By Mark Wolfe, Western Communications
Four Western PhD candidates have been named from among 166 nationwide recipients of the 2019-2020 Vanier Canada Graduate Scholarships – two from the social sciences and humanities competition, one from the health sciences competition, and one from the natural sciences and engineering competition. Each winner will receive $50,000 annually for up to three years.
Vanier Scholars are selected each year based on leadership skills, research potential, and a high standard of scholarly achievement across all disciplines.
Jemima Nomunume Baada
PhD, Women’s Studies and Feminist Research, with the collaborative specialization in Migration and Ethnic Relations
Examining the Dual Effects of Climate Change and Multilateral Investment on Agrarian Migration in Ghana
In Ghana, the effects of climate change are worsening in the northern sector. Therefore, most people who depend on farming and forest resources migrate to southern Ghana for better lives. At the same time, growing foreign investments in the south are attracting migrants. Yet, we know little about how changing climates and growing foreign investment affect people in rural migration origins and destinations.
It is important to study the combined effects of climate change and foreign investment on migration in Ghana as existing research focus on one or the other, although they are linked. Furthermore, rural dwellers – particularly women and children – tend to be excluded from most studies on climate change, migration and investment in developing regions.

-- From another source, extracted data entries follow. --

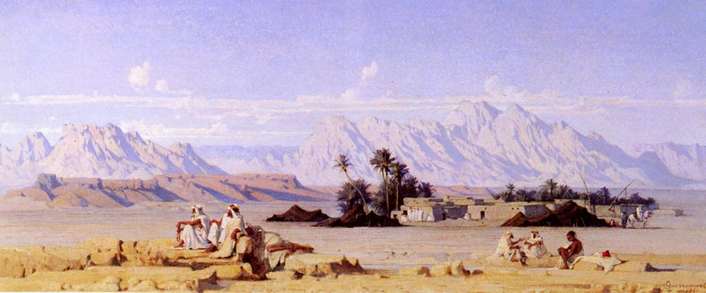 The Oasis
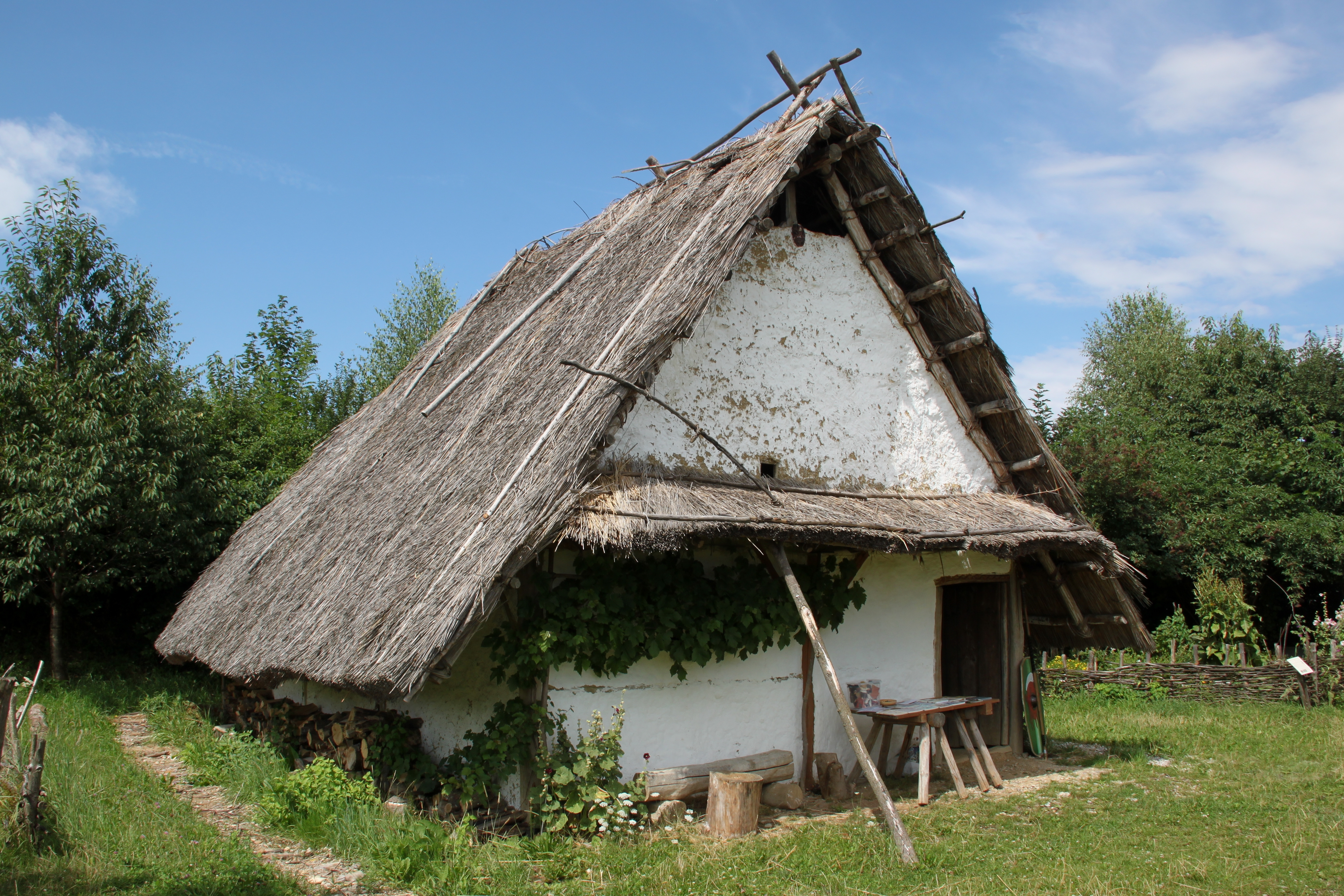 Bajuwarenhof Kirchheim: outbuilding (view from south-east).
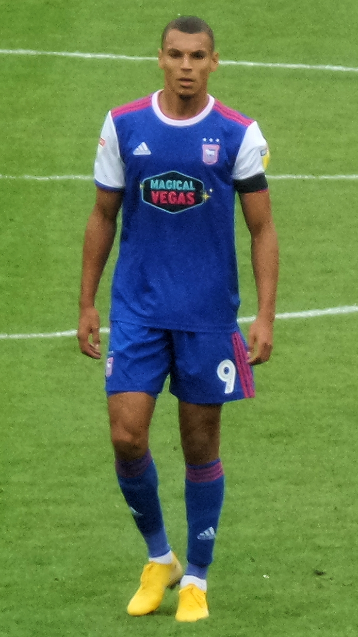 Kayden Jackson on his Ipswich Town debut against Rotherham United on 11 August 2018
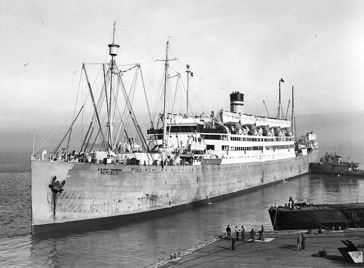 USAT Republic (previously USS Republic (AP-33)) leaving San Francisco Navy Yard, Hunter's Point, after a post-World War II overhaul
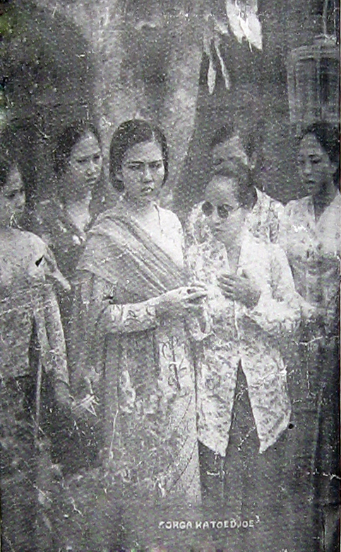 A film still from Sorga ka Toedjoe, a production by Tan's Film, showing Rasminah (Roekiah) and Hadidjah (Annie Landauw) standing together.
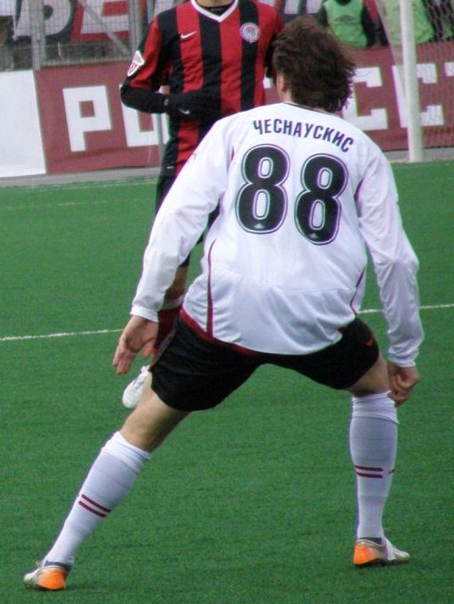 Edgaras Česnauskis in action for FC Moscow
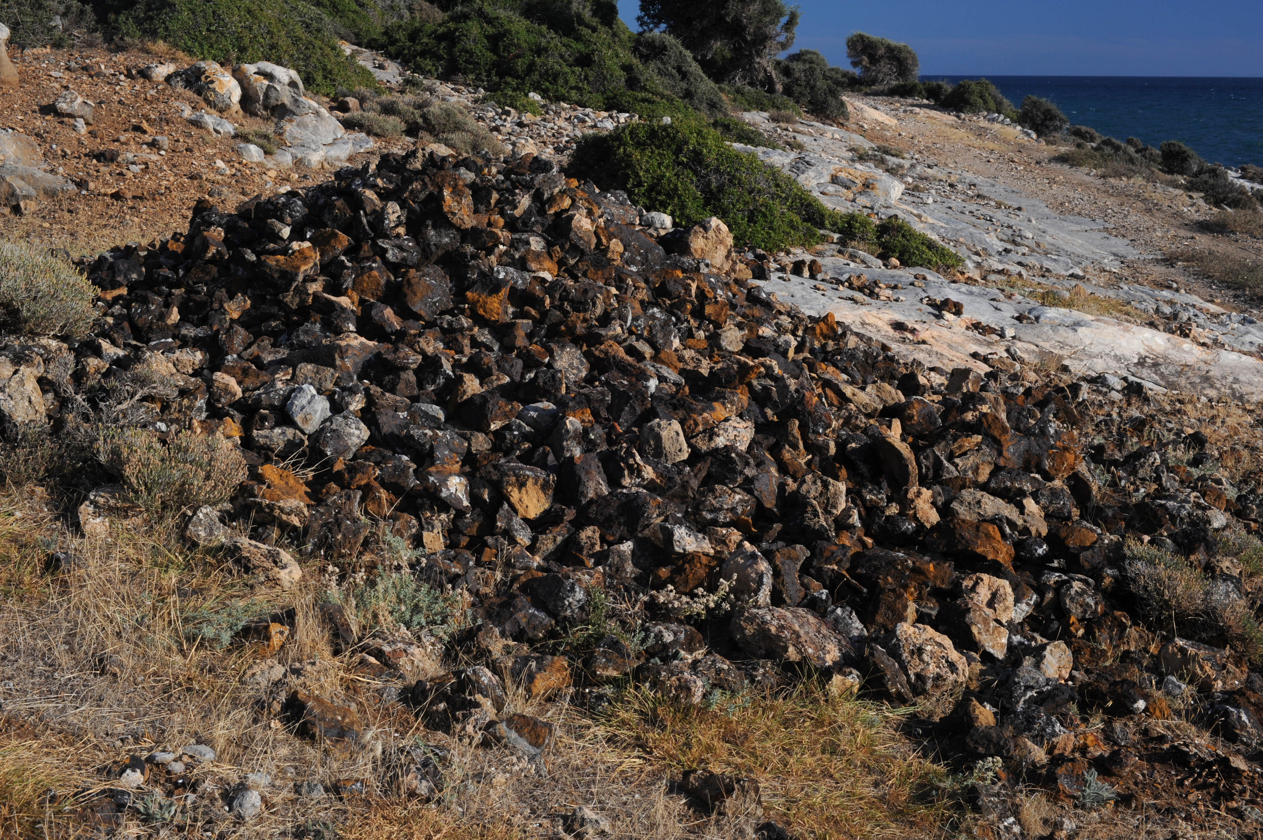 Iron ore mounds Marmaritsa, Maronia, Rhodope, Thrace, Greece.
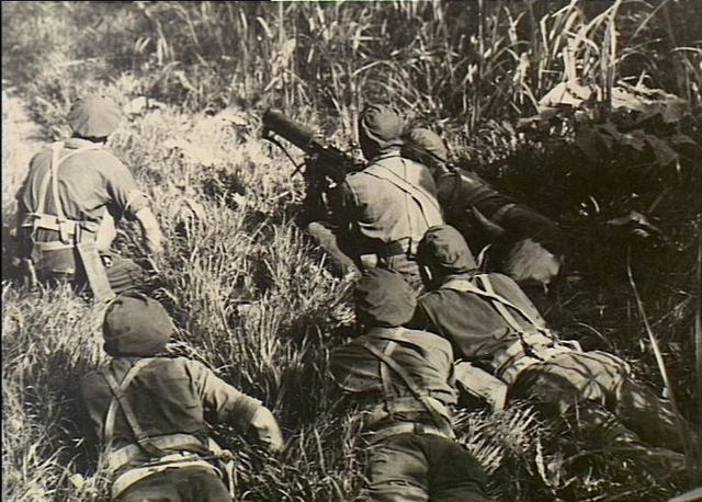 An Australian Vickers machine gun team from the 37/52nd Infantry Battalion on Karkar Island, New Guinea, on 4 June 1944
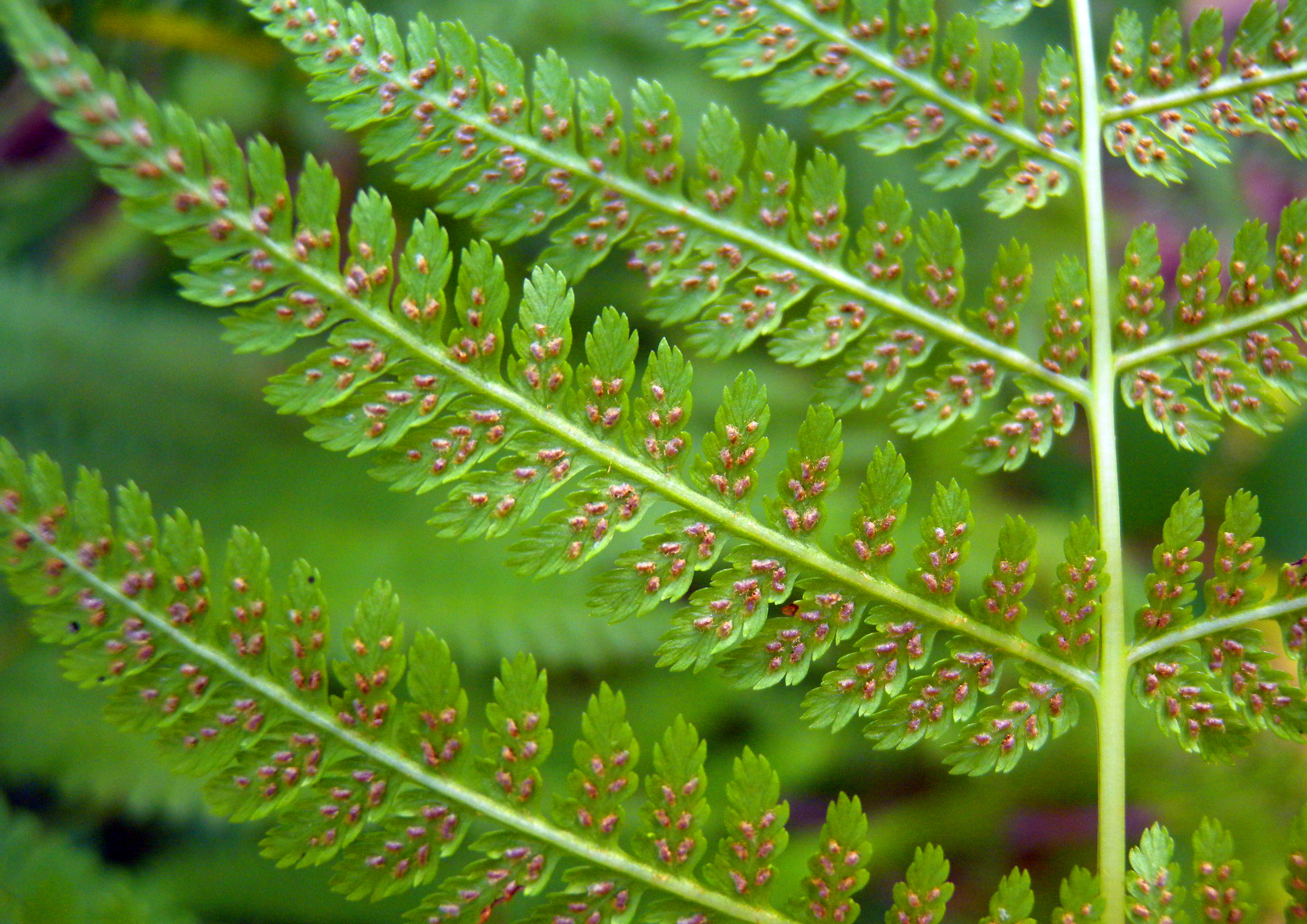 Sori of Athyrium filix-femina (Woodsiaceae); Tannwald near Ligerz, Canton of Bern, Switzerland
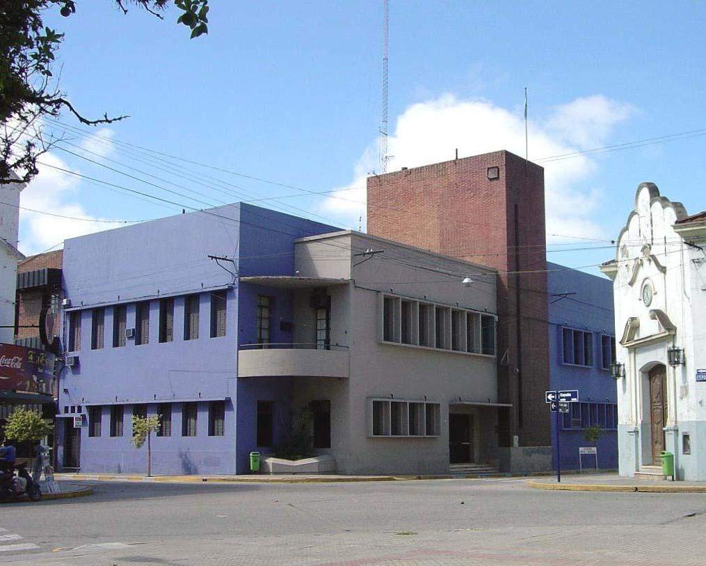 Municipality of Concepción

Baada’s research explores the lives of return-migrants and non-migrants in the Upper West, which has high rates of outmigration, and eyes migrants’ access to resources in rural areas of the middle belt which are migrant and foreign investment hubs. Through that, she will identify how foreign investment could be better used to improve the lives of rural migrants in Ghana.
PhD in Anthropology
‘Super-diversifying’ the Multicultural Lens: Hakka Mauritian Heritage Practices in Mauritius and Canada
It is often presumed people have ties to only one culture and language – not so. In fact, studies must recognize ties to multiple ethnolinguistic communities to understand actual migrant experiences and avoid misrepresentation.
Guccini’s work among the Mauritian Hakka, a diasporic Chinese group, highlights the complexity and diversity of collective identities. The Hakka in Mauritius are losing their heritage language, Hakka, following a language shift to the three main languages spoken in Mauritius: Kreol, French and English.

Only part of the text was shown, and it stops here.